Gas and other energy prices have spiked in Greece, Europe and globally in the past two weeks. Experts have been researching whether this could lead to a new global energy crisis, like the one in the 1970s.
Analysts believe gas prices are the main driver behind surging energy costs in Europe. The cost of permits in Europe’s carbon market has contributed up to a fifth of the increase. Russian Gazprom’s draconian supply cuts have also played a significant part.
The cost is now six times higher than what it was last year in Europe and is continuing to increase, with the energy crisis unlikely to abate before the spring. Governments are scrambling to issue subsidies and cut taxes in an effort to protect consumers.

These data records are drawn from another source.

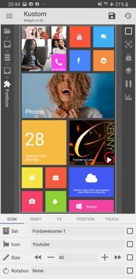 - Chọn Stack Group Youtube, sau đó chọn Overlap Group (youtube), tiếp theo chọn Fonticon để lựa chọn các biểu tượng. Chuyển sang tab PAINT để thay đổi màu sắc icon, tab TOUCH để chỉnh sửa hành động khi chạm vào.
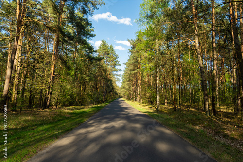 Naklejka premium Leśna droga asfaltowa – prosta trasa przez wiosenny las
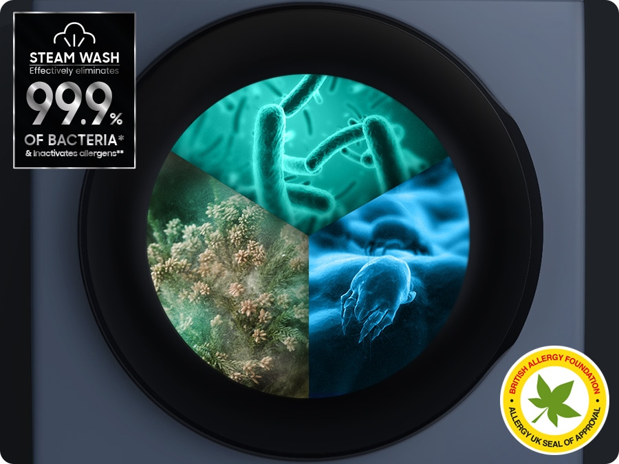 Dona ai tuoi capi una pulizia igienica e profonda. Questa funzione rilascia vapore dal fondo del tamburo, aiutandoti a rimuovere ogni traccia di sporco e il 99,9% di alcuni batteri[15] e inattivando gli allergeni presenti negli acari della polvere in casa[16]. Il ciclo della funzione Vapore igienizzante riduce l'esposizione ad acari della polvere, peli di cane e gatto, pollini e funghi[17].
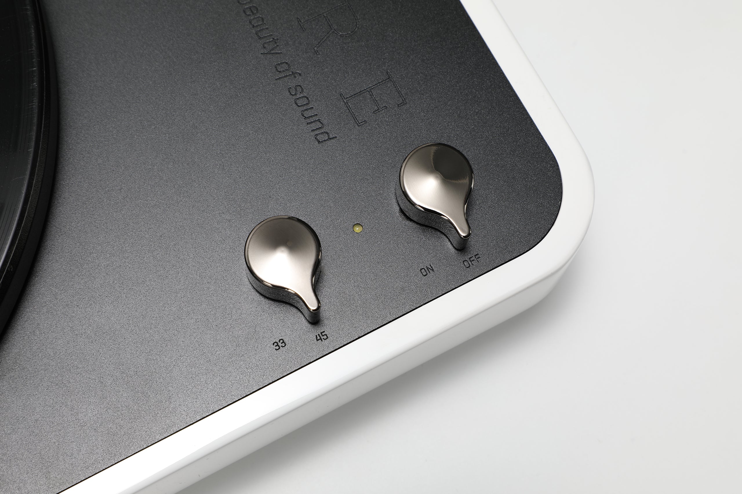 - The 1.7kg heavy-duty cast iron platter features a black paint finish and an excellent anti-resonance characteristic.
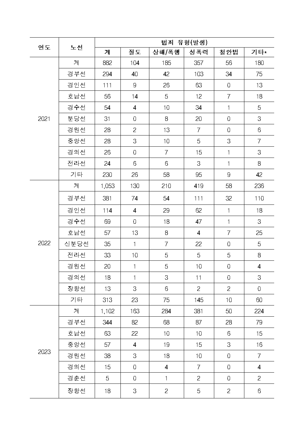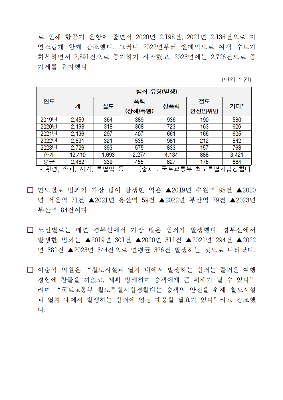 [이춘석 의원 국정감사 보도자료] 이춘석 의원, 철도시설 및 열차 내 범죄 매년 평균 2,500여 건 발생…. 성폭력이 최다
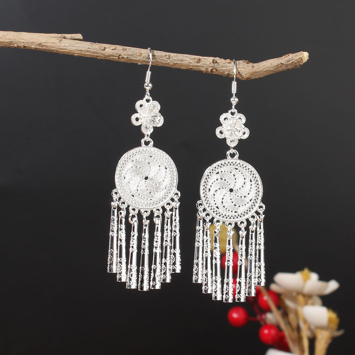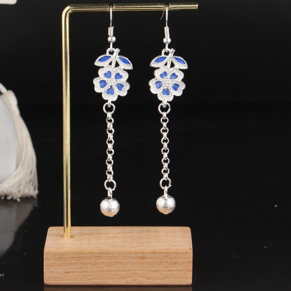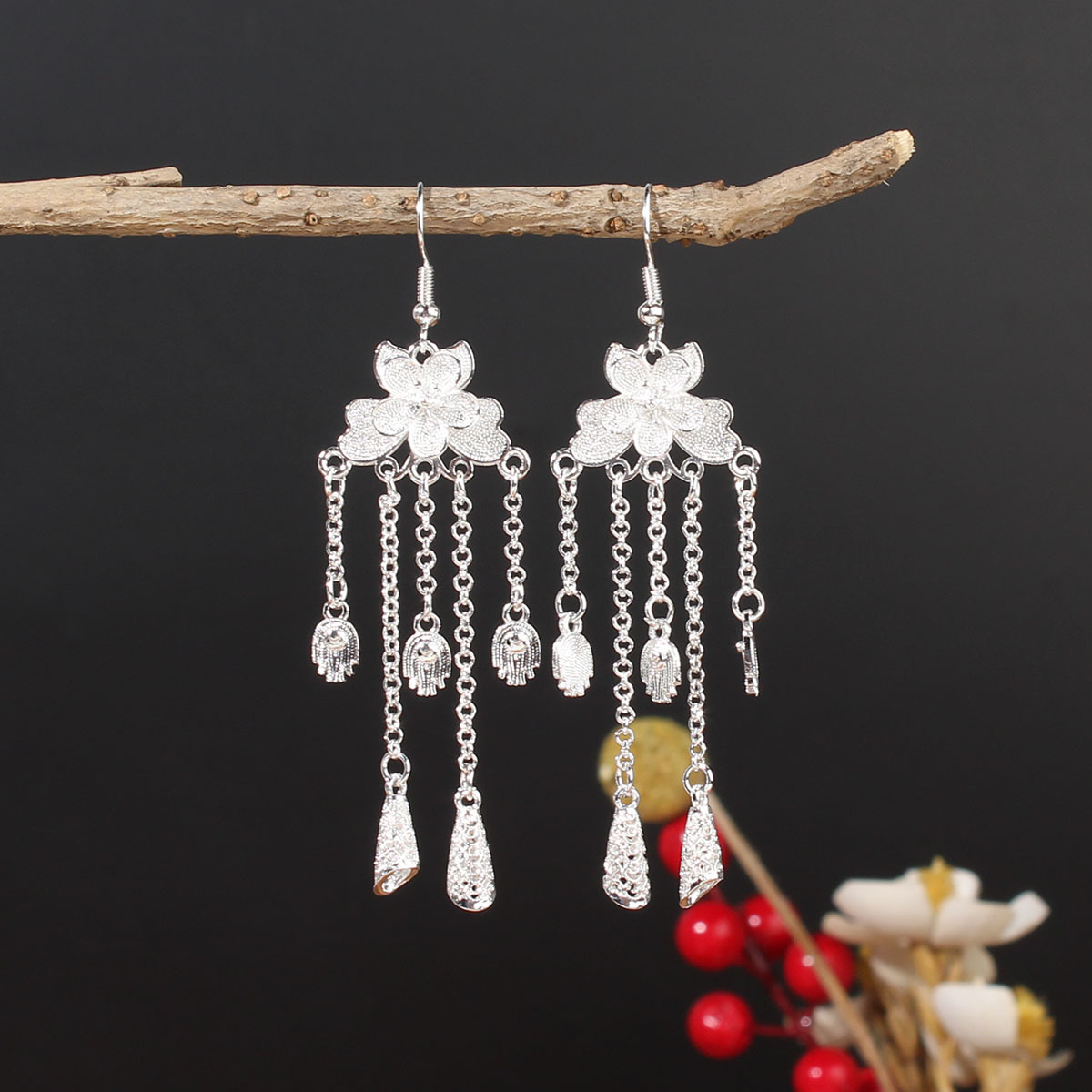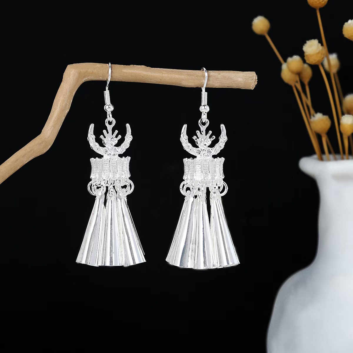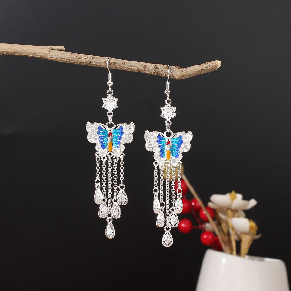 Cloisonne Peacock Earrings Women Imitation Miao Silver Minority Totem Phoenix Bell Earrings Scenic Ear Jewelry Wholesale

No energy hike key trigger
There is no one key trigger causing this energy price mess. It is rather a “perfect storm” of steadily declining European gas supply, further impaired by supply shocks around the globe.
Add a post-Covid-related boom in gas demand particularly in Asia, while European gas storage levels, which could normally provide a buffer, being at record lows after a cold previous winter, and you have the current energy crisis in a nutshell.
The implications are manifold: Consumers facing high energy prices, suppliers going bust (particularly in the UK), and calls for policy actions to protect customers, to rescue suppliers, and implement measures to guarantee supply security.
Some countries are already responding: France is freezing consumer energy prices and Spain is taxing “windfall profits” to release consumers. The EU maintains that its plans to tackle climate change will cut bills by reducing their exposure to volatile fossil fuel prices.
Brussels claims that if countries fail to quickly cut emissions they could face far greater costs in the form of deadly floods, heatwaves and wildfires. But there are reactions to this official EU response to the energy crisis.
The Netherlands cautioned against interfering in Europe’s power and CO2 markets, while Belgium said it was “not convinced” joint gas buying would help fend off soaring energy prices.
In Greece, the government has laid out its plans for tackling the gas price hikes, based on state energy subsidies to monthly electricity bills. It has widened its criteria, so that the subsidies can be offered to both poorer and middle class citizens.
Naturally it’s impossible to know whether energy prices will spike again as violently as they have in recent months. But that’s the point — all commodity markets are inherently volatile, to an extent unpredictable and imperfect.
Global energy crisis, 1970s style?
Now, could the energy prices lead to an international energy crisis, like the one in the mid-1970s? Analysts think it is possible, but not very probable.
The 1970s energy crisis occurred when the Western world, particularly the US, Canada, Western Europe, Australia, and New Zealand, faced substantial petroleum shortages, real and perceived, which led to elevated prices.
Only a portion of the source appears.